Techie Tuesday: Captain’s Normal Day

Over the past few weeks, I’ve taken a look at seniority, bidding and schedules, but I haven’t given too much insight into what goes on during a single trip. Well, a while back I came across a great video created by an American Airlines pilot that squeezes a three-day trip to Paris into a short video set to U2’s Vertigo. Since I spent about five years doing exactly this type of trip, I’m going to post the video here for this week’s Techie Tuesday feature. I know you’re going to love it!

For a little background info, most European trips depart the U.S. in the evening of day 1 (lets say between 5pm and 10pm Eastern time) and fly through the night so as to arrive in Europe in the morning of day 2 (approximately 2am – 5am Eastern time). Then, after a break of about 24 hours, the return flight leaves Europe on the morning of day 3 (probably 3am – 6am Eastern time) and arrives back in the U.S. in the afternoon of day 3 between noon and 4pm Eastern time. There are exceptions, but this is definitely the “standard” schedule.

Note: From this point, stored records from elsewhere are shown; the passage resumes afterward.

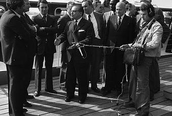 Paul Delouvrier (2e à gauche de profil) était venu sur la base de loisirs dans les années 1970. (photo JCH)
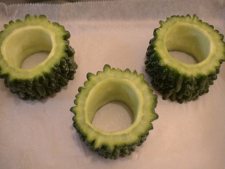 要は、「ゴーヤの肉詰め」。早速、作ってみたら、おもてなしにもなるような、かわいい仕上がりでいい!!
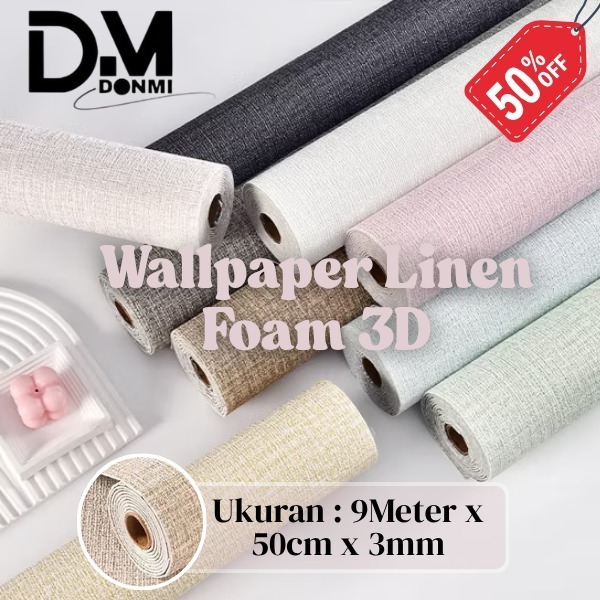 Donmi - Wallpaper Dinding Linen Roll Ukuran 9meter×50cm Motif Polos - Dekorasi Kamar Aesthetic
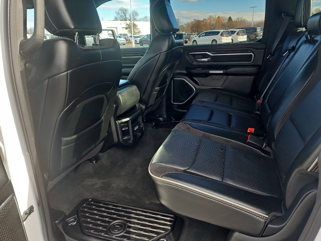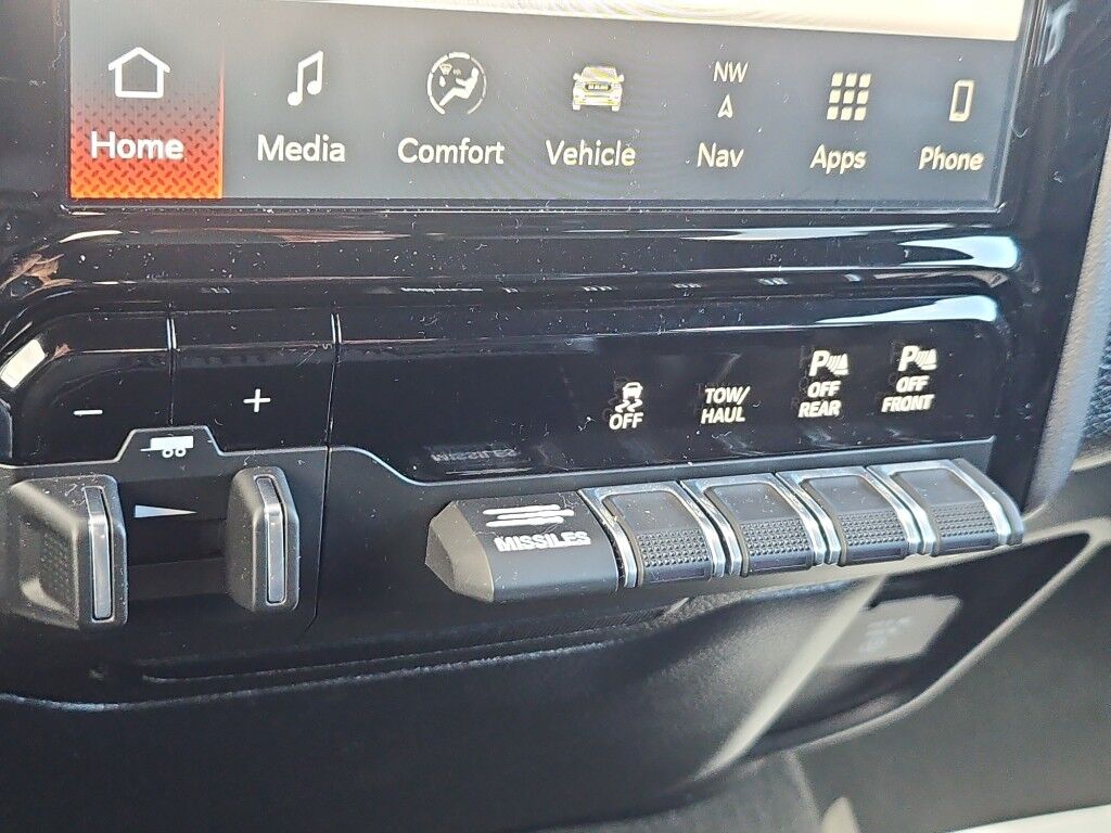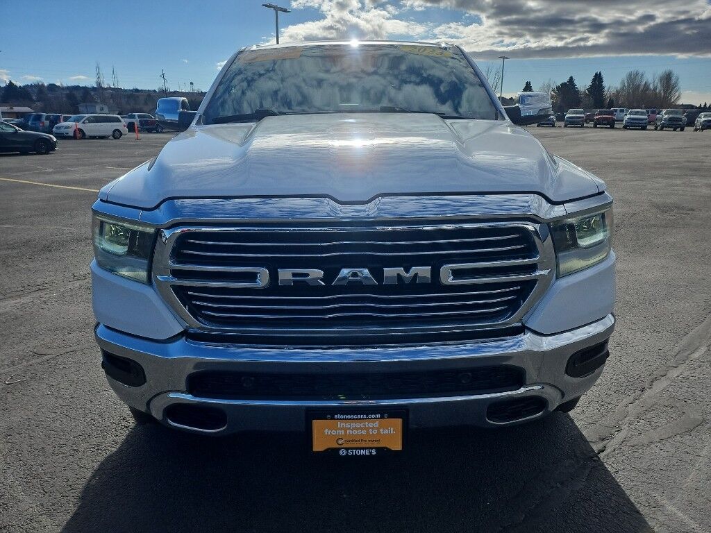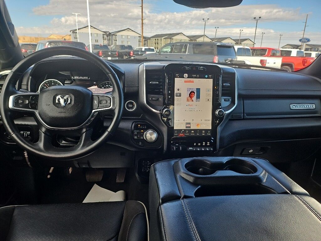 Laramie Level 1 Equipment Group: Google Android Auto; SiriusXM Radio Service; USB Host Flip; Rear Window Defroster; Blind Spot and Cross Path Detection; Rain Sensitive Windshield Wipers; Integrated Center Stack Radio; ParkSense Front/rear Park Assist with Stop; For Details, Visit DriveUconnect.com; For More Info, Call 800-643-2112; Rear Power Sliding Window; Integrated Voice Command with Bluetooth; Connectivity - US/Canada; 12" Touchscreen Display; GPS Navigation; 4G LTE Wi-Fi Hot Spot; GPS Antenna Input; SiriusXM with 360L; Global Telematics Box Module; Connected Travel and Traffic Services; Front LED Fog Lamps; LED Reflector Headlamps; Foam Bottle Insert (door Trim Panel); Apple CarPlay; Disassociated Touchscreen Display; HD Radio; Uconnect 5 Navigation with 12.0" Display Radio; Remote Tailgate Release; Auto High Beam Headlamp Control; Electric Shift on Demand Transfer Case; Front Door Accent Lighting; 2nd Row in Floor Storage Bins; Rear Door Accent Lighting,Quick Order Package 27H Laramie,20" X 9" Premium Paint/polished Wheels,ParkSense Front/rear Park Assist with Stop,Class IV Receiver Hitch,Trailer Brake Control,Forward Collision Warning-Plus,Ventilated driver and front passenger seats,Integrated navigation system with voice activation,Blind Spot Detection,Keyfob remote start,Heated steering wheel,Uconnect w/Bluetooth handsfree wireless device connectivity,Apple CarPlay/Android Auto smart device wireless mirroring,Heated driver and front passenger seats,Leather front seat upholstery,Driver seat with 8-way directional controls,Front passenger seat with 8-way directional controls,Keyfob trunk control,12 inch primary display,4G LTE Wi-Fi Hot Spot mobile hotspot internet access,ParkView rear mounted camera,Predictive brake assist system,Cruise control with steering wheel mounted controls,Primary monitor touchscreen,Driver seat power reclining, lumbar support, cushion tilt, fore/aft control and height adjustable control,Part and full-time 4WD,HEMI 5.7L V-8 variable valve control, regular unleaded, engine with cylinder deactivation and 395HP,HEMI 5.7L V-8,Smart key with hands-free access and push button start,Smart device remote start,Push-button,Active aerodynamics,Bluetooth wireless audio streaming,Dual-zone front climate control,Auto high-beam headlights,Sentry Key immobilizer,Active noise cancellation,Connected Travel & Traffic Services real-time traffic,Trailer brake controller,Trailer sway control,External memory control,Internet radio capability,9 USB ports,Electronic stability control system with anti-roll,Hill start assist,Automatic climate control,Rear Seat Reminder Alert rear seat check warning,ParkSense front and rear parking sensors,LED brake lights,Rain detecting wipers,LED front fog lights,Leather steering wheel,Easy lower tailgate,Active grille shutters,Connected Travel & Traffic Services real-time weather

The 24-hour break had to be managed carefully due to time zone changes and the differences between local time and body time (in this case, Paris would be 6 hours ahead of Eastern time in the U.S.). I would often sleep for 3-4 hours as soon as we got to the hotel, but then I would have to force myself to get up because if I slept much longer than that, I wouldn’t be able to sleep that night. This would also give me time to go for a run, explore a little bit of the city and then meet the rest of the crew back at the hotel for dinner and a drink or two. Minus the strange hours, these trips are great, especially for the ability to tour Europe one day (and one museum) at a time.

If you’re wondering why there are more than 2 pilots, that’s because current FAA rules require one extra “relief” pilot for flights over 8 hours and two extra “relief” pilots if the flight is over 12 hours. This allows the pilots to take breaks during the flight and reduce the effects of fatigue. The FAA is set to publish major changes to pilot flight and duty time limits in the near future and when they do I’ll be sure to comment on the new changes and how it may affect you.